What the exercise asks: The entries are to be returned exactly, with images left out.

━━━ Input data ━━━

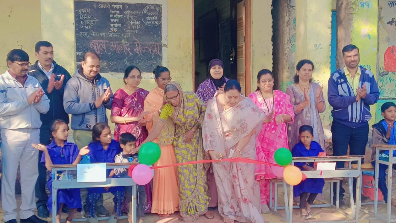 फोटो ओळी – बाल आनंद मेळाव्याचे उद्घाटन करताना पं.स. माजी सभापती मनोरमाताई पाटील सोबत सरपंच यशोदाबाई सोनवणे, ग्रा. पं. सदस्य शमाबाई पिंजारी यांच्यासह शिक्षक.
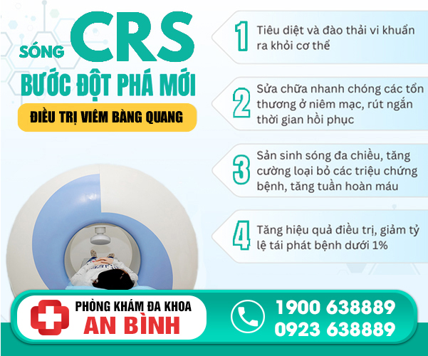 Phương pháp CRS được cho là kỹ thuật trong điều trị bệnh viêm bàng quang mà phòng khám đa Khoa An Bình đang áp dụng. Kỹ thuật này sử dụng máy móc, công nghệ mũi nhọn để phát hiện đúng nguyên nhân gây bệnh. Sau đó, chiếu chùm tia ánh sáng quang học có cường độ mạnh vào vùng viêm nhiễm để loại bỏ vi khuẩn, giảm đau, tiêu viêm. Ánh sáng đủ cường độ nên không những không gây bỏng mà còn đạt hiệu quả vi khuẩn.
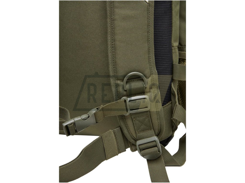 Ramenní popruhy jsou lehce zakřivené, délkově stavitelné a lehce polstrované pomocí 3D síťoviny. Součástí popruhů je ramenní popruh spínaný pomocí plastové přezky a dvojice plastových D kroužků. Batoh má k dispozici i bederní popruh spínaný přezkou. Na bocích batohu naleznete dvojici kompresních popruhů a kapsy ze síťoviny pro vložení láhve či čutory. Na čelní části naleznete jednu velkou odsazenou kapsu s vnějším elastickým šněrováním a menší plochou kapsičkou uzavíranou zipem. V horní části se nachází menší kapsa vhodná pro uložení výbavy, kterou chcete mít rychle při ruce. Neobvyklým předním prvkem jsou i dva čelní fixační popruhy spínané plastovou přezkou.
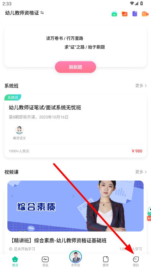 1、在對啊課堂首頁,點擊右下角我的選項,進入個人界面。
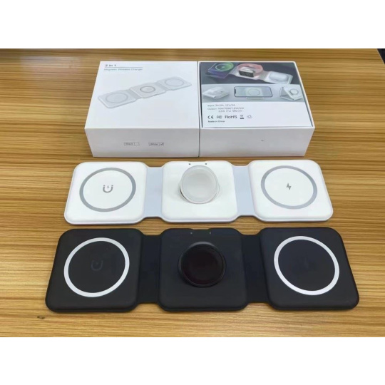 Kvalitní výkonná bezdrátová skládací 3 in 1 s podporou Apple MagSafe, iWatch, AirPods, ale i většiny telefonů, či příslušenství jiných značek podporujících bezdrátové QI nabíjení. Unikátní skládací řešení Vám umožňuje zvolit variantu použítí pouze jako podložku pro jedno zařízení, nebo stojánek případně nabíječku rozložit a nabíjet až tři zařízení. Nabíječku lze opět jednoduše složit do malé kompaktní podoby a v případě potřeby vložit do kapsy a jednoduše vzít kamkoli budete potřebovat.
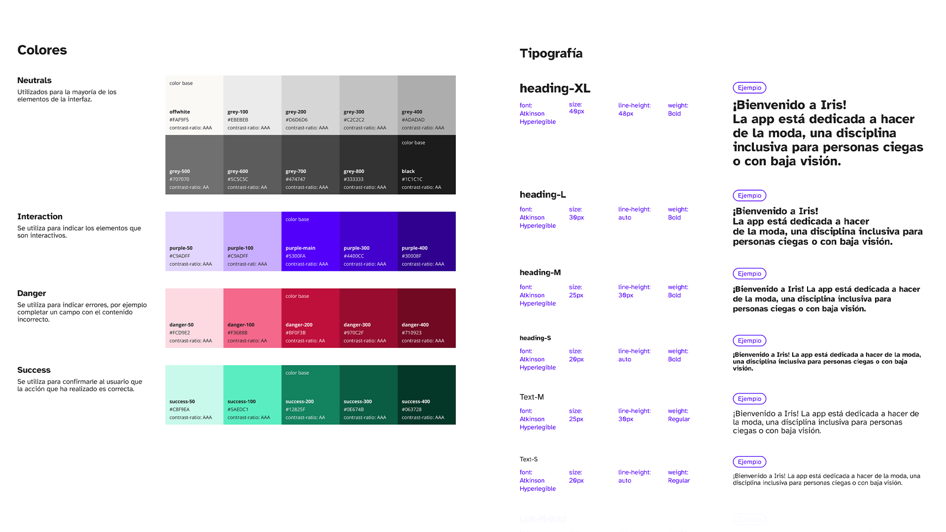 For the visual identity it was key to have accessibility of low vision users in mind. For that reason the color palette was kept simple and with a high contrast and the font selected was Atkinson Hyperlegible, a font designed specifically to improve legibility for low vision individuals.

━━━

Output of the task:
 फोटो ओळी – बाल आनंद मेळाव्याचे उद्घाटन करताना पं.स. माजी सभापती मनोरमाताई पाटील सोबत सरपंच यशोदाबाई सोनवणे, ग्रा. पं. सदस्य शमाबाई पिंजारी यांच्यासह शिक्षक.
 Phương pháp CRS được cho là kỹ thuật trong điều trị bệnh viêm bàng quang mà phòng khám đa Khoa An Bình đang áp dụng. Kỹ thuật này sử dụng máy móc, công nghệ mũi nhọn để phát hiện đúng nguyên nhân gây bệnh. Sau đó, chiếu chùm tia ánh sáng quang học có cường độ mạnh vào vùng viêm nhiễm để loại bỏ vi khuẩn, giảm đau, tiêu viêm. Ánh sáng đủ cường độ nên không những không gây bỏng mà còn đạt hiệu quả vi khuẩn.
 Ramenní popruhy jsou lehce zakřivené, délkově stavitelné a lehce polstrované pomocí 3D síťoviny. Součástí popruhů je ramenní popruh spínaný pomocí plastové přezky a dvojice plastových D kroužků. Batoh má k dispozici i bederní popruh spínaný přezkou. Na bocích batohu naleznete dvojici kompresních popruhů a kapsy ze síťoviny pro vložení láhve či čutory. Na čelní části naleznete jednu velkou odsazenou kapsu s vnějším elastickým šněrováním a menší plochou kapsičkou uzavíranou zipem. V horní části se nachází menší kapsa vhodná pro uložení výbavy, kterou chcete mít rychle při ruce. Neobvyklým předním prvkem jsou i dva čelní fixační popruhy spínané plastovou přezkou.
 1、在對啊課堂首頁,點擊右下角我的選項,進入個人界面。
 Kvalitní výkonná bezdrátová skládací 3 in 1 s podporou Apple MagSafe, iWatch, AirPods, ale i většiny telefonů, či příslušenství jiných značek podporujících bezdrátové QI nabíjení. Unikátní skládací řešení Vám umožňuje zvolit variantu použítí pouze jako podložku pro jedno zařízení, nebo stojánek případně nabíječku rozložit a nabíjet až tři zařízení. Nabíječku lze opět jednoduše složit do malé kompaktní podoby a v případě potřeby vložit do kapsy a jednoduše vzít kamkoli budete potřebovat.
 For the visual identity it was key to have accessibility of low vision users in mind. For that reason the color palette was kept simple and with a high contrast and the font selected was Atkinson Hyperlegible, a font designed specifically to improve legibility for low vision individuals.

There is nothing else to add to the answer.